* EXERCISE PROMPT
Take the lines from the line containing "Postal Bulldog Francés" through the end of the entries and output them exactly, with no pictures and nothing more.

* DATA
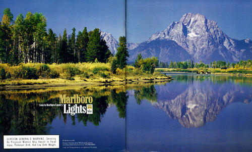 2 page ad for Marlboro Lights featuring a landsccape of a mountain and a body of water.
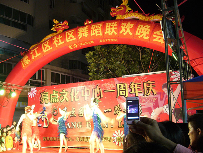 10月26日,濠江花园步行街华灯璀璨,人潮涌动,充满欢声笑语。为迎接十八大,活跃群众文化生活,推动舞蹈事业的发展,濠江区文联和亮点文化中心联合在这里举行濠江区社区联欢舞蹈晚会暨亮点文化中心成立周年庆典。区委宣传部、区文联有关领导参加了活动并致词,希望我区要同时推动群众性广场舞蹈活动的广泛开展及专业性舞蹈、适合舞台表演舞蹈的逐步开展,丰富城乡群众文化生活。亮点文化中心的创办人介绍了该中心的办学情况和取得的优异成绩。
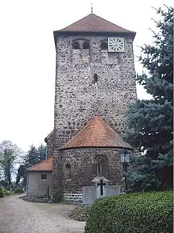 Die Kirche wurde wahrscheinlich um 1200 im romanischen Baustil aus Feldsteinen errichtet und zählt zu den wenigen Kirchen mit östlichem Chorturm. Der Chorraum ist rechteckig, an ihn schließt sich eine kleine Apsis an. Hier und im Kirchenschiff sind zum Teil die typischen kleinen romanischen Fensteröffnungen vorhanden. An der Nord- und Südwand des Kirchenschiffs sind noch zwei vermauerte Rundbogenportale zu erkennen.
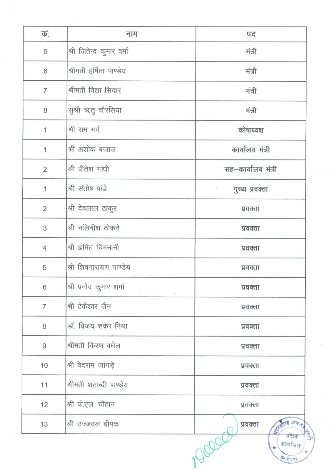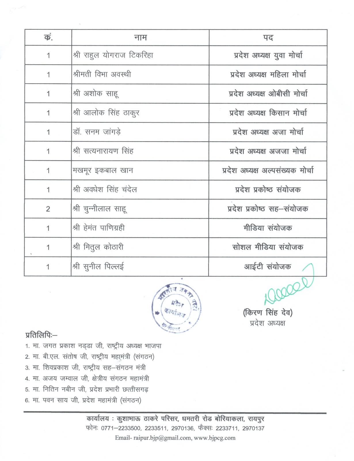 Trending News Uncategorized छत्तीसगढ़ लेटेस्ट अपडेट CG BREAKING:भाजपा छत्तीसगढ़ प्रदेश पदाधिकारियों की घोषणा……देखें लिस्ट August 13, 2025 Shivnath Samvad 0 Comments भाजपा राष्ट्रीय अध्यक्ष श्री जे.पी. नड्डा जी की सहमति से, भाजपा प्रदेश अध्यक्ष श्री किरण सिंह देव जी ने भारतीय जनता पार्टी, छत्तीसगढ़ के प्रदेश पदाधिकारियों की घोषणा की है।
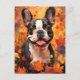 Postal Bulldog Francés Acción de Gracias de Otoño
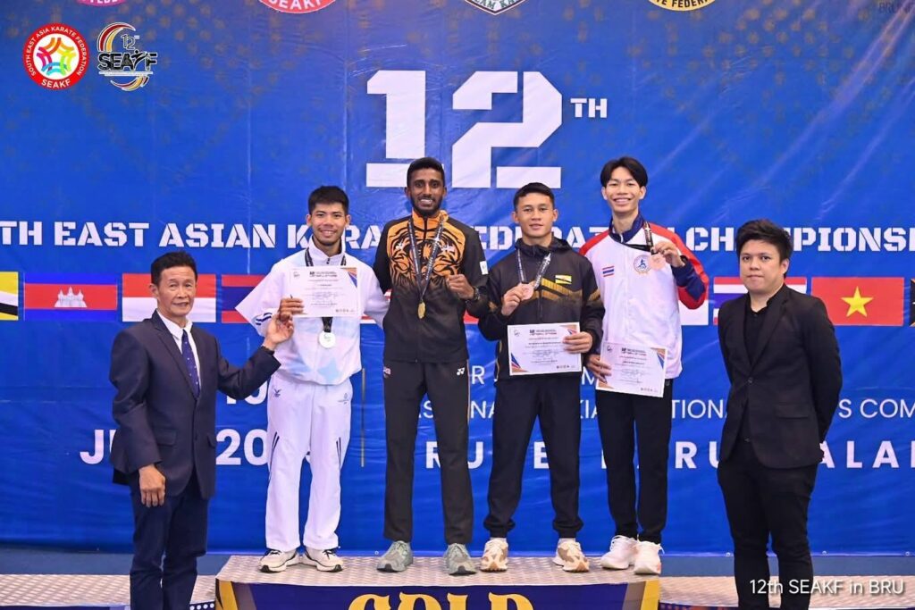 புரூணை தருஸ்ஸலாம், 20 ஜூன் 2025 : புரூணையில் நடைபெற்ற 12வது தென்கிழக்காசிய கராத்தே சாம்பியன்ஷிப் போட்டியில், மலேசியா அணியினர் பல்வேறு பிரிவுகளில் சிறப்பாக பங்கேற்று பல பதக்கங்களை கைப்பற்றி, நாட்டின் பெருமையை உயர்த்தினர்.

* RESPONSE BOX
 Postal Bulldog Francés Acción de Gracias de Otoño
 புரூணை தருஸ்ஸலாம், 20 ஜூன் 2025 : புரூணையில் நடைபெற்ற 12வது தென்கிழக்காசிய கராத்தே சாம்பியன்ஷிப் போட்டியில், மலேசியா அணியினர் பல்வேறு பிரிவுகளில் சிறப்பாக பங்கேற்று பல பதக்கங்களை கைப்பற்றி, நாட்டின் பெருமையை உயர்த்தினர்.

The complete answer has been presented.